The Vice President inquired of Mr. Allen Dulles whether it is possible to provide estimates of the amounts of money allocated to basic research by the United States in comparison with the USSR. Dr. Scoville, answering for Mr. Dulles, could not give a clear response, though he could not say that the Russians had put in more resources than we have. Mr. Dulles said that at least the Soviets have concentrated more heavily on the guided missiles field than we have, ever since 1945. The President, agreeing with Mr. Dulles, pointed out that the United States had not made any all-out effort in the field of ballistic missiles until after the Killian Committee had submitted its report to the National Security Council. He added that of course the Soviets were bound to be ahead of the United States in certain fields and in certain discoveries.
The Vice President warned the Council that we must be prepared for the fact that Congress would insist on examining in great detail what we have been doing in the missiles field. In the course of such an examination they are certain to ask the question which he had just put--as to the relative amounts which the United States and the USSR had allocated to their respective missiles programs. Accordingly, we must be prepared to answer such a question.
After Mr. Larson had reiterated his plea for planning for a U. S. win in the next great break-through, Dr. Bronk commented that, in line with Mr. Larson's views, the United States could, if it chose, give much greater emphasis to the spectacular achievements that we have made in the scientific field--for example, we could stress our vast achievements in the field of cancer research. Regrettably, it was hard to get the press to take an interest in these achievements. Mr. Cutler suggested that we might perhaps have announced the successful launching of a U. S. missile with a range of 3500 miles. Secretary Quarles pointed out that the Operations Coordinating Board was presently engaged in examining our public relations policies with respect to our missiles programs. General Twining cautioned that we should not permit ourselves to become hysterical about the Soviet achievement.
The National Security Council:
a. Discussed the subject in the light of:
(1) An intelligence briefing by the Director of Central Intelligence on the Soviet earth satellite, its relation to the Soviet ballistic missiles program, and world reaction to the Soviet earth satellite.

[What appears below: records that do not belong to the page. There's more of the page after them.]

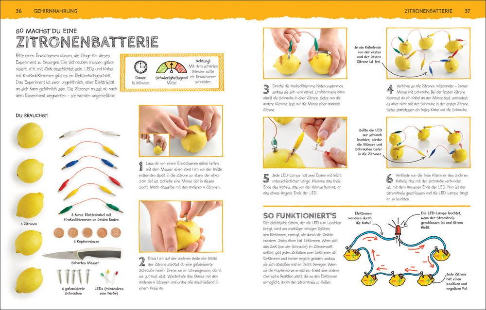 Ob eine Zitrone Strom erzeugt, ein Vulkan ausbricht oder Tinte plötzlich verschwindet – jedes Experiment überrascht, regt zum Nachdenken an und lässt kleine Entdecker staunen. Und das Beste: Alle Versuche sind sicher, altersgerecht erklärt und fördern spielerisch Neugier sowie Verständnis für naturwissenschaftliche Zusammenhänge.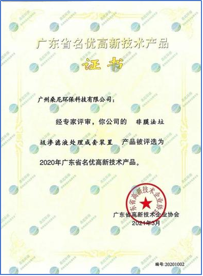 桑尼環(huán)保已申請和通過發(fā)明專利20余項,實用新型專利10余項,高新技術產(chǎn)品10余項,每年堅持自主研發(fā)新的專利技術和產(chǎn)品,不斷創(chuàng)新?!胺悄しɡ鴿B濾液處理成套裝置”評為廣東省名優(yōu)高新技術產(chǎn)品。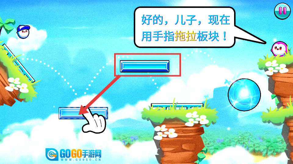 2、根据提示【用手指拖拽板块】,将蓝色板块拖动到合适的位置,以此搭建角色跳跃的路径。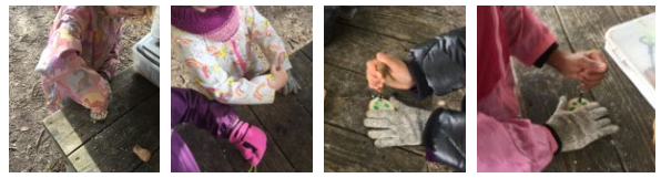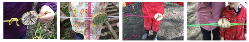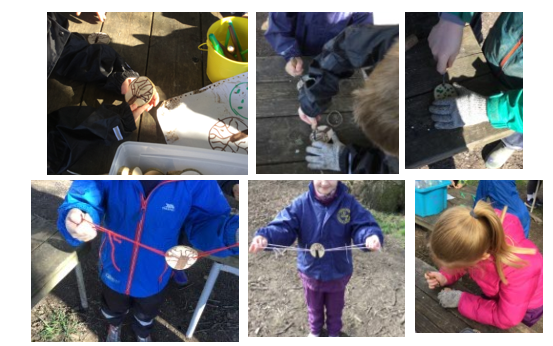 Once on site, and alongside lots of play, Mrs Dear gave the children the opportunity to make a wooden spinner if they wished. The children learnt how to use palm drills, which were a new tool for them, to make two holes in a wooden disc. This required a great deal of strength, determination and perseverance. They also learnt that drills need to be turned clockwise in order to create a hole.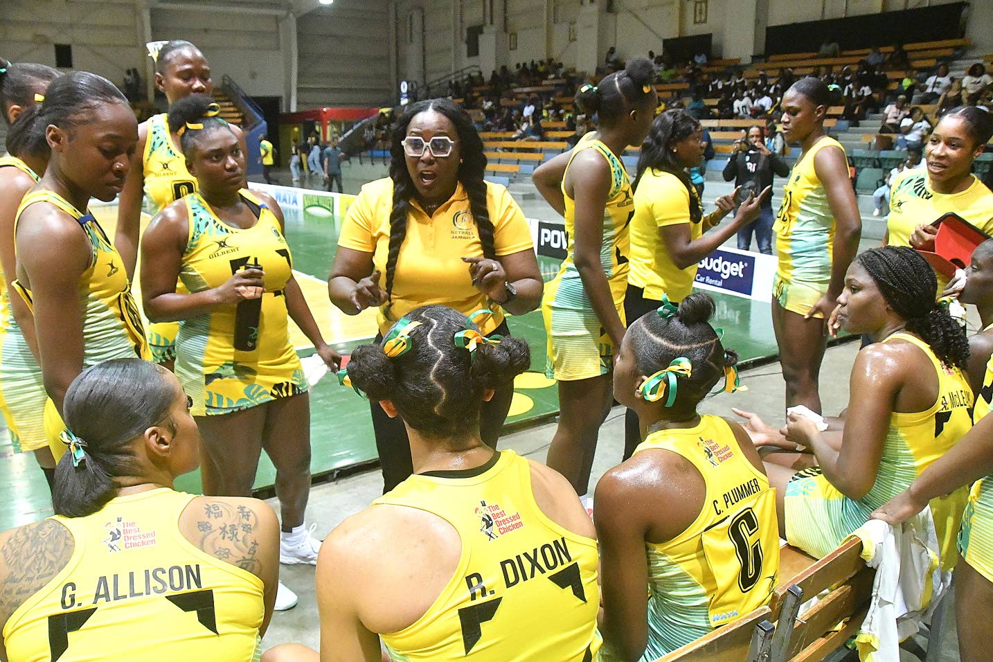 Head Coach Sasher-Gaye Henry-Wright (centre) talks to Jamaica’s senior Sunshine Girls during a match against the All-Star Mixed Team at the National Indoor Indoor Sports Centre on December 5, 2025. (Photos: Garfield Robinson)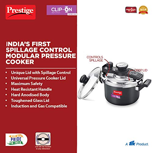 Prestige Svachh, 20240, 3 L, Hard Anodised Aluminium Outer Lid Pressure Cooker, With Deep Lid For Spillage Control, Black, 3 Liter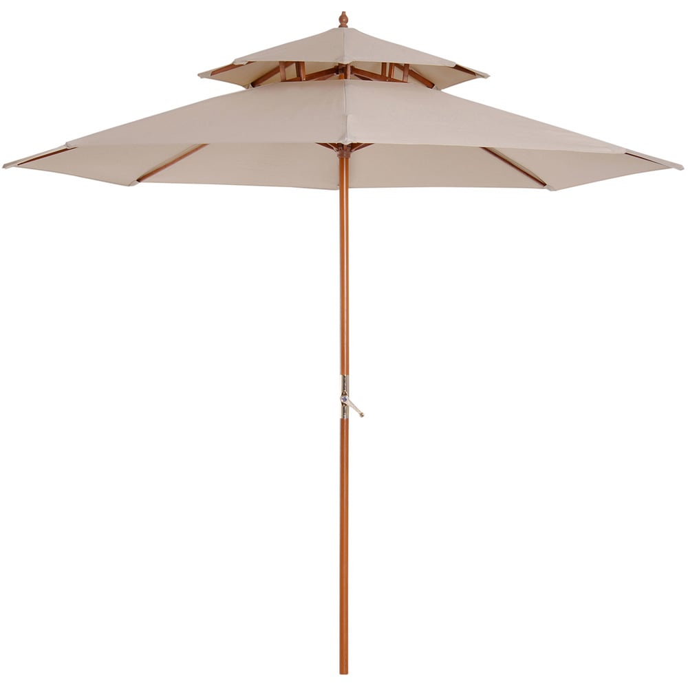 Make a soothing and practical addition to your outdoor area with the Outsunny Beige Umbrella Parasol. This 2.65m parasol with a two-tier design provides better air circulation, minimizing wind build-up underneath. It is crafted using 180 gsm polyester fabric for durability and longevity. It features a solid mainframe and a sturdy pole with eight connected ribs for stable support. It is the ideal blend of beauty and functionality that protects you while you relax under the sun. Looking for a way to keep your parasol secure and protected and enjoy some shade? Check out our selection of parasol bases, designed to keep your parasol in place while you relax and parasol cover to keep them protected.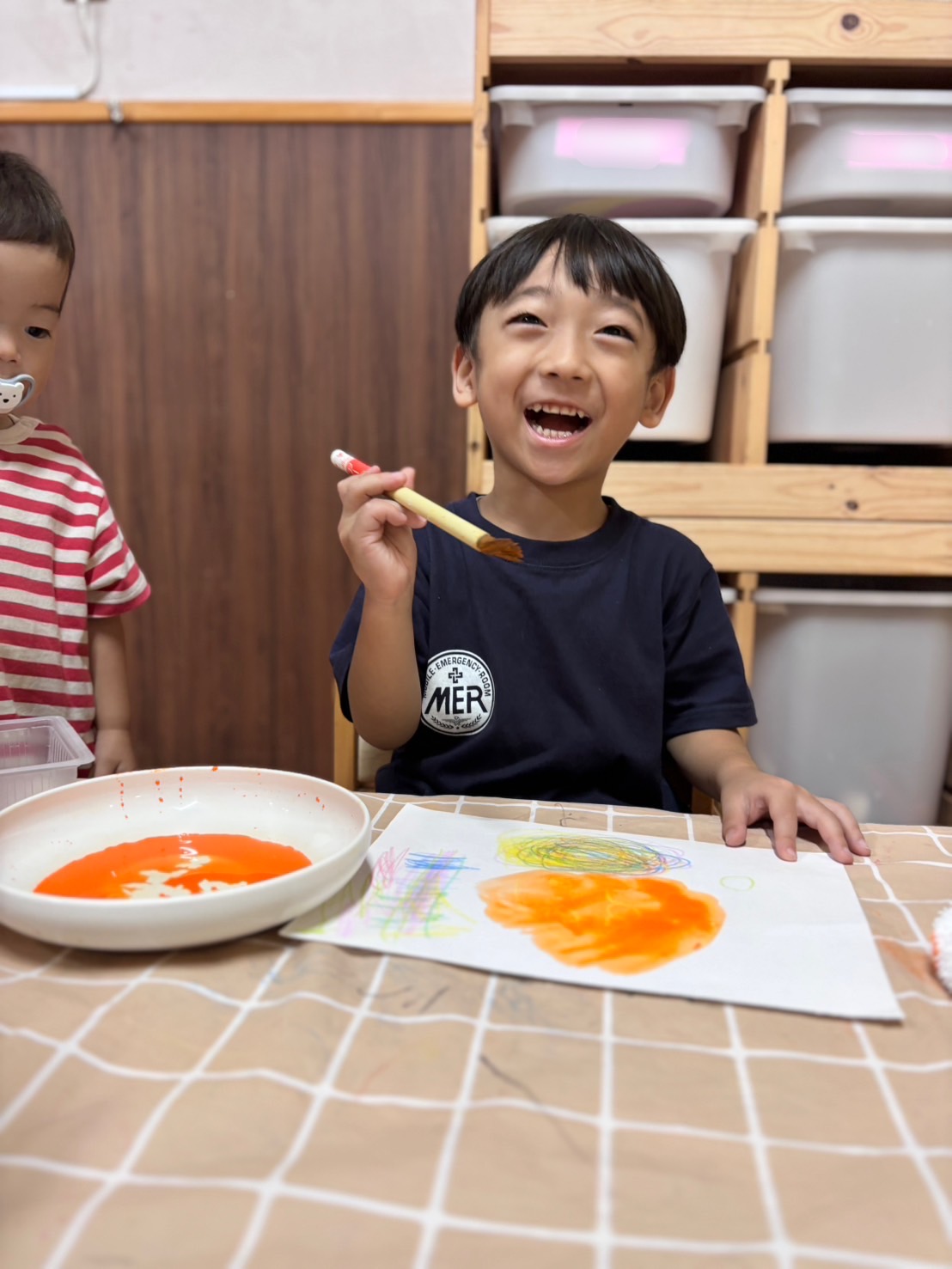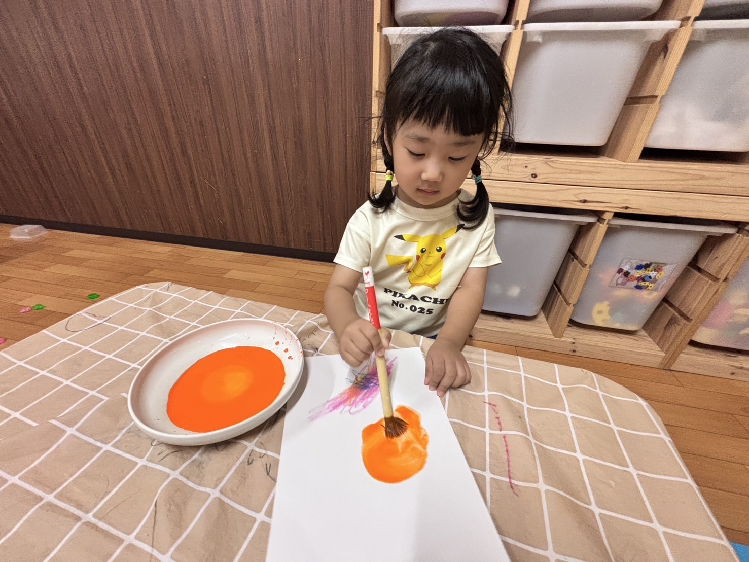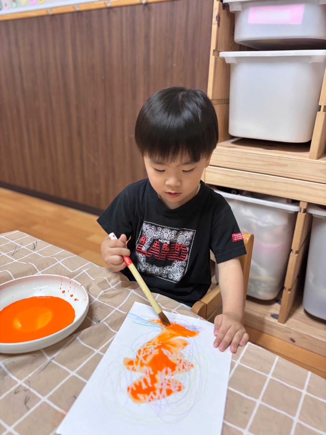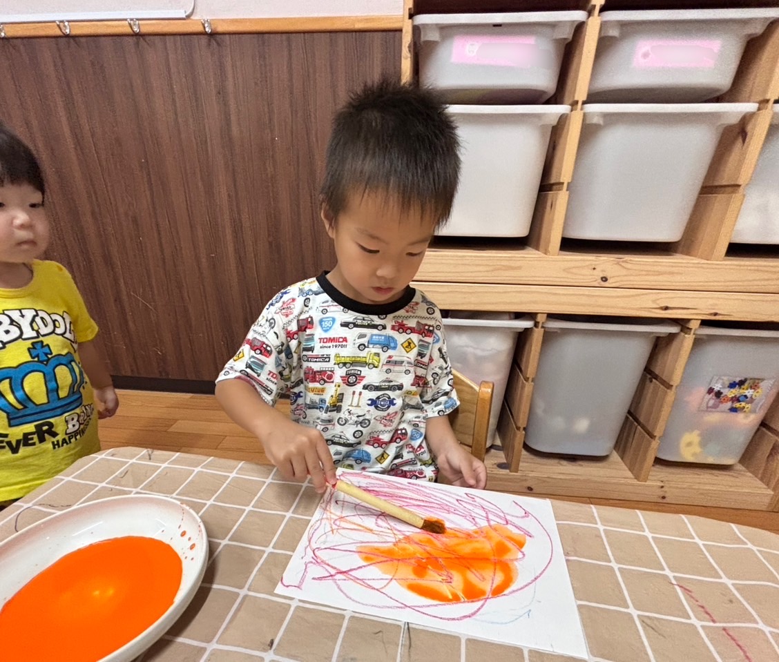 オレンジ色の絵の具を塗り、はじき絵をしました🎨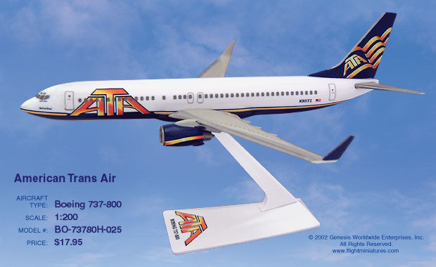 Flight Miniatures 1:200 ATA Airlines Boeing 737-800 w/ Winglets BO-73780H-025 | MADb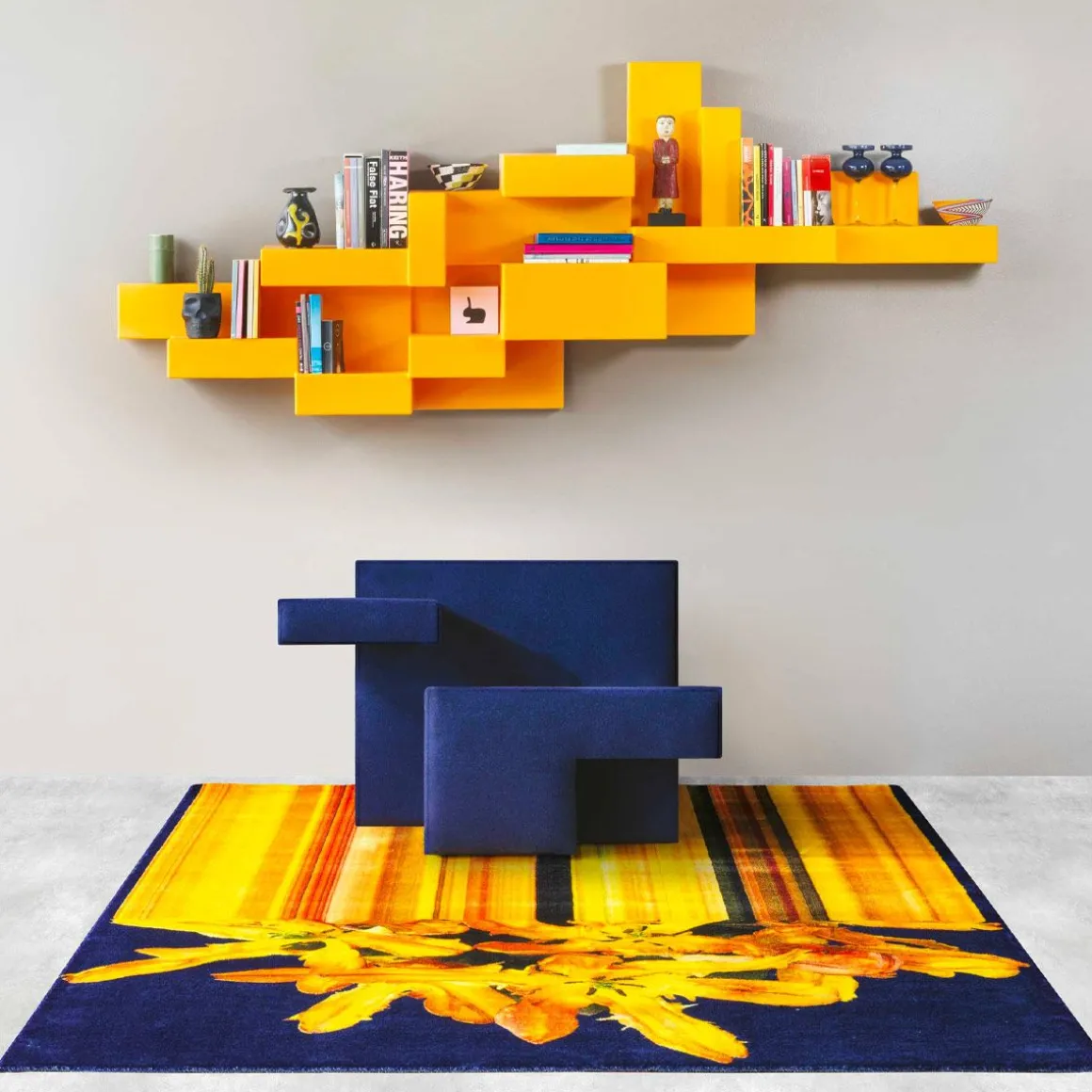 Primitive de Qeeboo par Studio Nucléo. Le fauteuil Primitive, jouant sur l’asymétrie des volumes primaires, est réalisé avec une structure rembourrée et recouverte d’un tissu de couleur mélangée. « Primitif comme figure géométrique primaire.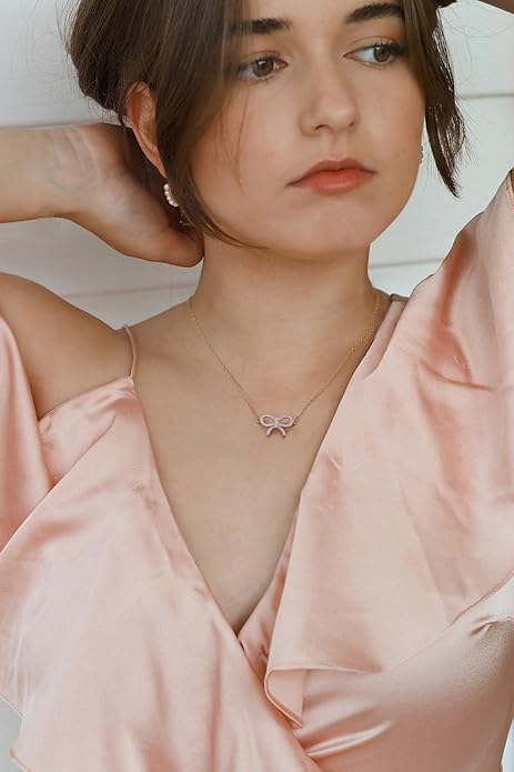 - 【Gold Necklace for Women】Add a unique touch to your style game with the Bow pendant necklace from CANEVINKA. This Cute necklace features a modern and trendy jewelry that goes with just about everything. Fastened on a Gold bow necklace with an adjustable, it allows you to choose the necklace length fix yourself. This Layered necklace can also be paired with other necklaces.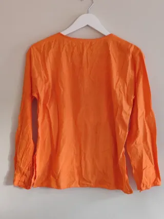 Camisa de manga larga en color naranja, con un diseño bordado y detalles de lentejuelas. - Manga larga. - Cuello en V. - Adornos de lentejuelas. - Tejido ligero.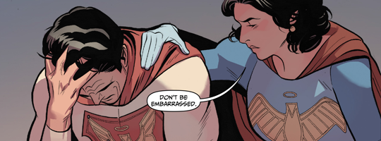 (1) The final two issues continue the philosophical bent this series has taken. Here it's a look into how human superhumans are, and how that affects those around them.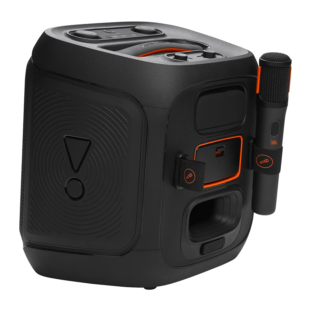 Features and Benefits JBL Pro Sound gets an AI Sound Boost Pop ballads, slow jams and everything in between, we’ve got the sound to make your playlist shine. Feel that extra oomph in your chest as the silk dome tweeters and powerful woofers bring those epic highs and deep lows. Want to turn it up even louder? Your music will still sound crystal clear as the AI Sound Boost delivers more powerful sound with less distortion. Dynamic lightshow Is it really a party without a lightshow? Dance the night away with glowing light patterns and strobe effects that would make any club jealous. Up to 15 Hours of play time Keep the good vibes going on a single charge with up to 15 hours playtime. And if 12 hours of nonstop jams isn’t enough, pop in a spare rechargeable battery to keep the music going. Or charge for 10 minutes and get an extra 80 minutes of play time. *Spare replaceable battery sold separately. Multi-speaker connection by Auracast™ Bigger parties call for even bigger sound. Pair two PartyBox Encore 2 for true stereo vibes via Auracast™, or connect multiple JBL Auracast™- enabled speakers wirelessly and let your music grow with your party size. Karaoke anywhere—or play live Grab the digital wireless mic and become your own emcee. With adjustable echo, bass, and treble controls, you’ll always sound smooth. Or dance to your favorite playlists with aux-in and USB-C connectors. Looking to put on a live set? The guitar input comes with pre-gain and a volume knob so you can crank it up and perform. Control your party, right from the JBL PartyBox App Don’t feel stuck on speaker babysitting duty. Control your music, EQ settings, and lightshow from the JBL PartyBox app, wherever the party takes you. IPX4 Splash proof Spills and splashes happen…don’t sweat the mess. The JBL PartyBox Encore 2 is IPX4 splash proof so your flow is never interrupted. Flexible handle and ergonomic design Take your sound down the block or go global–whichever you choose the JBL PartyBox Encore 2 is ready to go with its flexible handle and ergonomic design. Recycled plastic and fabric, plus FSC certified paper packaging The JBL PartyBox Encore 2 incorporates post-consumer recycled plastic. It’s also packaged in FSC-certified paper printed with soy ink. Bring the star power to your next party. Power up the JBL PartyBox Encore 2 and let the good times roll. With this portable speaker, you’ll want to play DJ at every event, with smooth JBL Pro Sound, a light show to fit the mood, and a mic for your emceeing pleasure. Feel that extra oomph in your chest from the epic highs and deep lows, whether your playing a new pop ballad or going with a classic slow jam. Once you’ve nailed the soundcheck, it’s time to turn up the ambiance with a light show that grooves to your beats. Ready to run the show? Grab the digital wireless mic and become your own emcee or karaoke host! You can also customize your sound with adjustable echo, bass, and treble controls to make sure you sound just right. From open rooftops to crowded basements, the JBL PartyBox Encore 2 knows how to adapt, with its grab-and-go handle and IPX4 splash-proof design. What’s better than one JBL PartyBox Encore 2? Two! Pair them up for true stereo vibes or link with other JBL Auracast™-enabled speakers for an even wilder dance party. And if 15 hours of nonstop jams isn’t enough, grab a spare rechargeable battery to keep the music going. Make the vibes immaculate with the JBL PartyBox app, where you can control your playlist, add fun sound effects, and pick the perfect light show mood—all while you’re doing the worm on the dance floor. Whatever the occasion, the JBL PartyBox Encore 2 knows how to bring all the feels. What’s in the Box 1 x JBL PartyBox Encore 2 speaker 1 x wireless microphone 1 x mic holder 1 x Quick-start guide 1 x Safety Instruction and Warranty Card AC power cord – quantity and plug type vary by regions.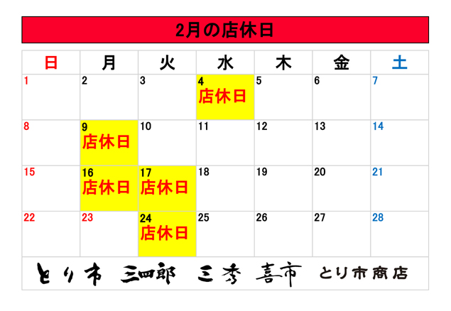 1月・2月の店休日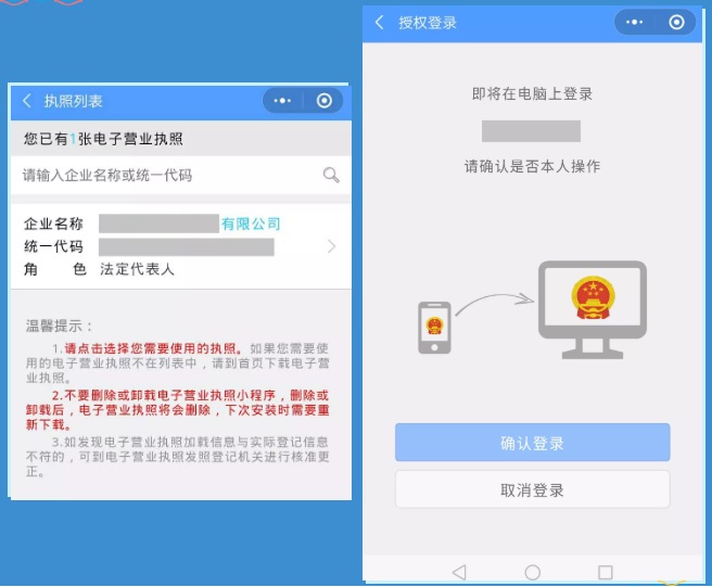 5根据系统,提示使用电子营业执照APP或小程序扫码授权。

(2) A briefing by the Department of Defense on the information regarding the Soviet earth satellite obtained by scientific tracking, and on the status of the U. S. scientific satellite program under NSC 5520.
(3) Comments by the Director, National Science Foundation, and the President, National Academy of Sciences, on the scientific implications of the Soviet earth satellite.
(4) An appraisal by the Department of Defense of the military implications for U.S. security of the Soviet earth satellite.
(5) An appraisal by the Department of State of the foreign policy implications for U.S. security of the Soviet earth satellite.
b. Noted the statement by the President on the subject issued at his press conference on October 9, 1957; and the President's statement at this meeting of the importance of adhering to the U. S. scientific satellite program under NSC 5520 as being well-reasoned and deliberately planned.
NOTE The action in b above, as approved by the President, subsequently circulated for information and guidance to all holders of NSC 5520.